How might At3g14460 contribute to broad-spectrum disease resistance in crops?

Understanding At3g14460's contribution to disease resistance has significant translational potential:

• Comparative functional analysis: Use At3g14460 antibodies to study the expression, localization, and activation of homologous proteins in crop species like Beta vulgaris (sugar beet), which contains the homologous gene LOC104887559 encoding a putative disease resistance protein .

• Resistance mechanism characterization: Determine whether At3g14460 and its homologs recognize conserved pathogen features that could provide broad-spectrum resistance.

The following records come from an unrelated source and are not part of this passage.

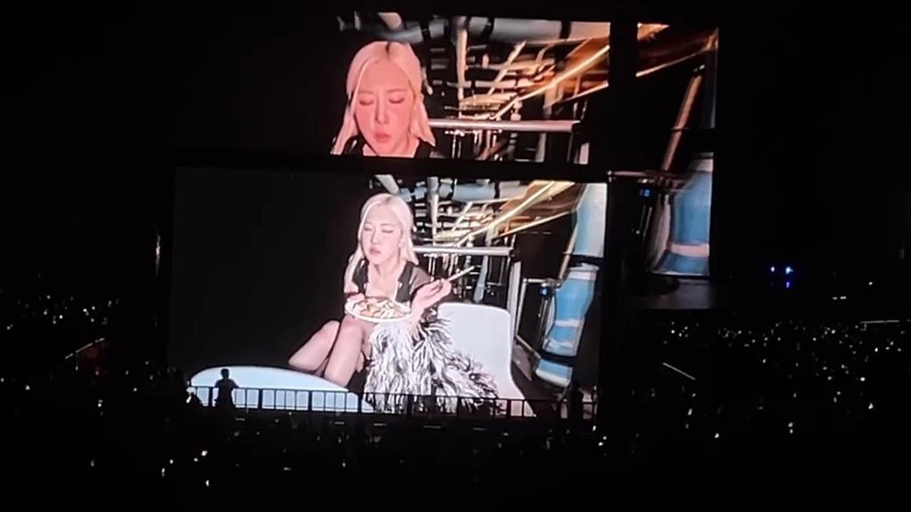 不只帶來一首首膾炙人口的歌,主唱Rosé進場時也入境隨俗,吃起鹹酥雞,讓粉絲陷入瘋狂。
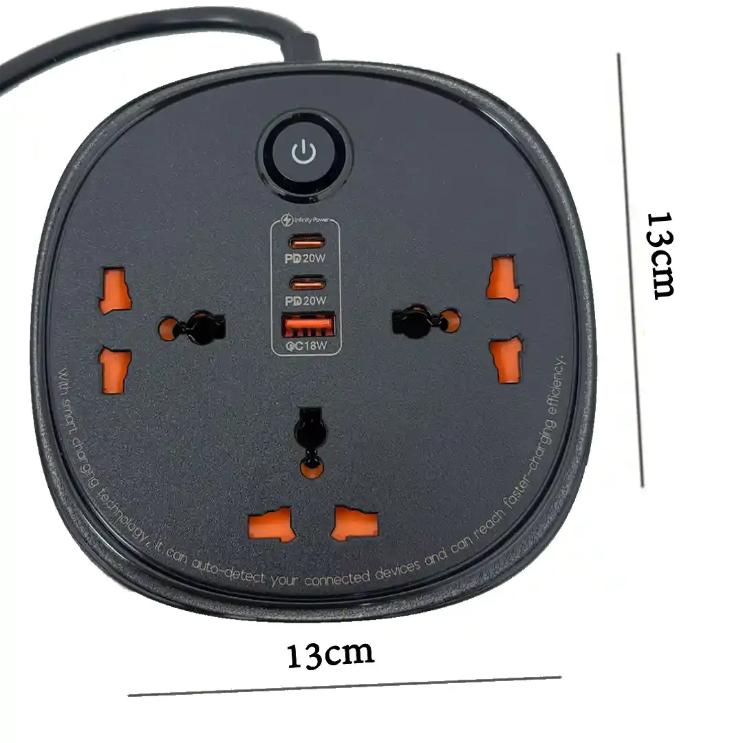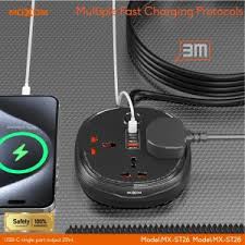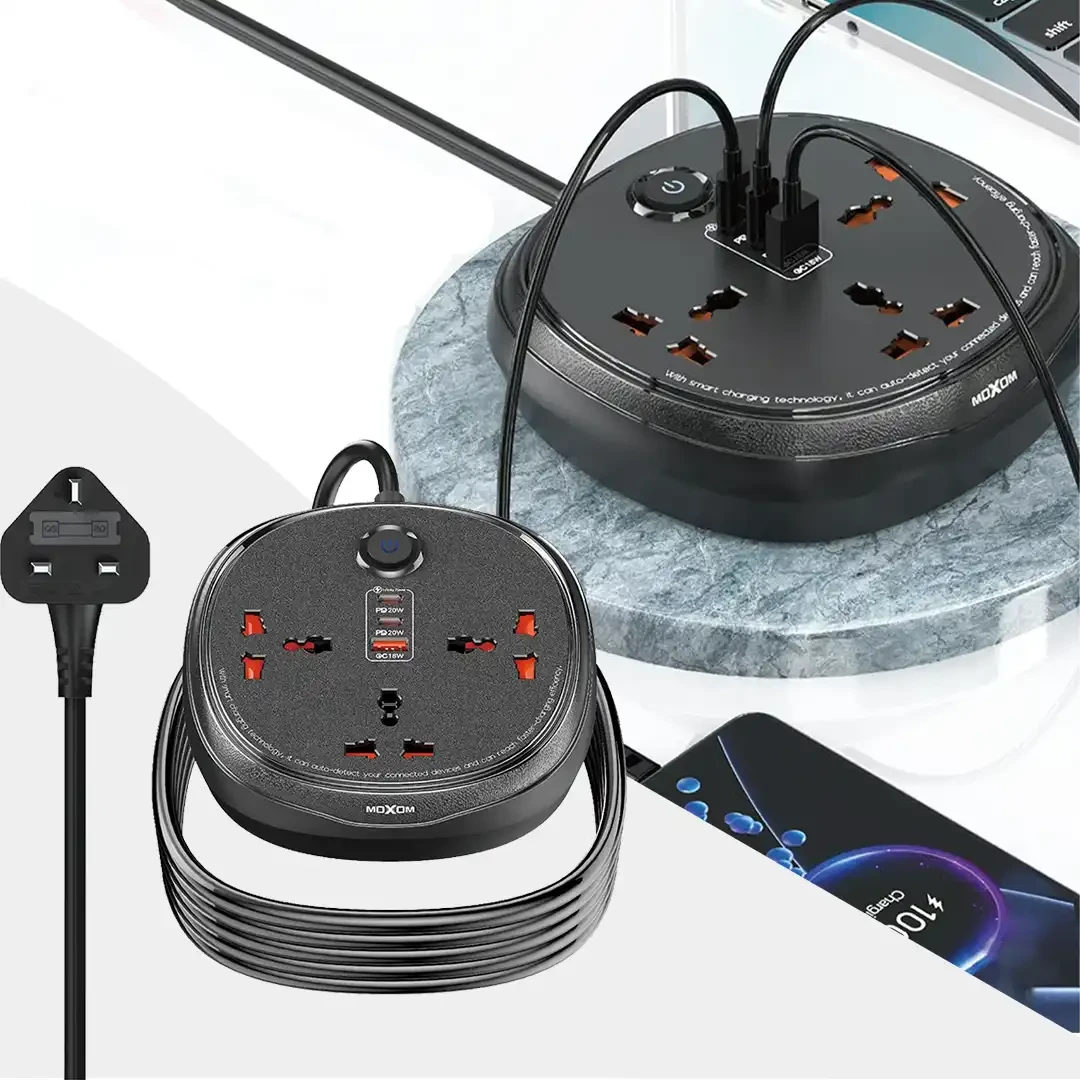 موزع الكهرباء والشحن الذكي MX-ST26 من موكسوم يأتي الموزع بـ: ■ 1 منفذ USB QC3.0 بقوة (18W). ■ 2 منفذ PD Type-C بقوة 20W. ■ 3 مقابس كهرباء (2500W). ■ حماية من الفولتيه الزائدة ومصنوع من مواد ضد الحريق، AC100-240V, 50-60Hz, 10A/2500W ■ طول سلك الكهرباء: 3 متر
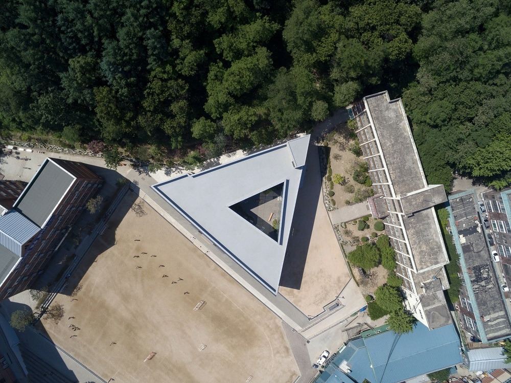 그럼 일자형 학교 건축의 틀을 깨야겠다는 생각에 일부러 삼각학교를 구상한 것일까. 그건 아니었다. 삼각형 모양으로 생긴 대지를 최대한 활용하자는 발상의 전환이 낳은 산물이었다.
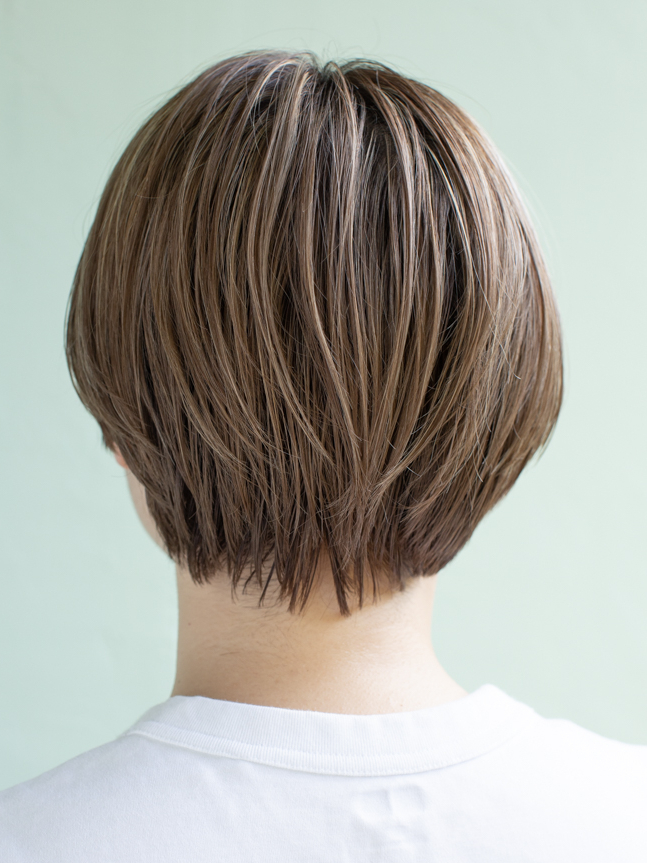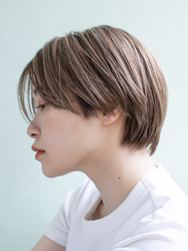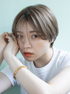 前髪は長めのシースルーバング。 顔まわりはぱつっとしたラインで、襟足はタイトなカットに仕上げています。 カラーはブリーチをして黄みを抑えたナチュラルなベージュに。 ウェット感がしっかり出るように中間と毛先中心にオイルをなじませました!

• Transgenic approaches: Express optimized versions of At3g14460 in crops and use the antibody to monitor protein accumulation and function.

• CRISPR-based genome editing: Modify endogenous At3g14460 homologs in crops to enhance their function, then verify modifications at the protein level.

• Protein engineering: Design synthetic immune receptors incorporating functional domains from At3g14460 and validate their expression and activity using antibodies.

These translational applications could ultimately contribute to developing crops with enhanced disease resistance, particularly against viral pathogens, potentially reducing reliance on chemical controls and improving agricultural sustainability.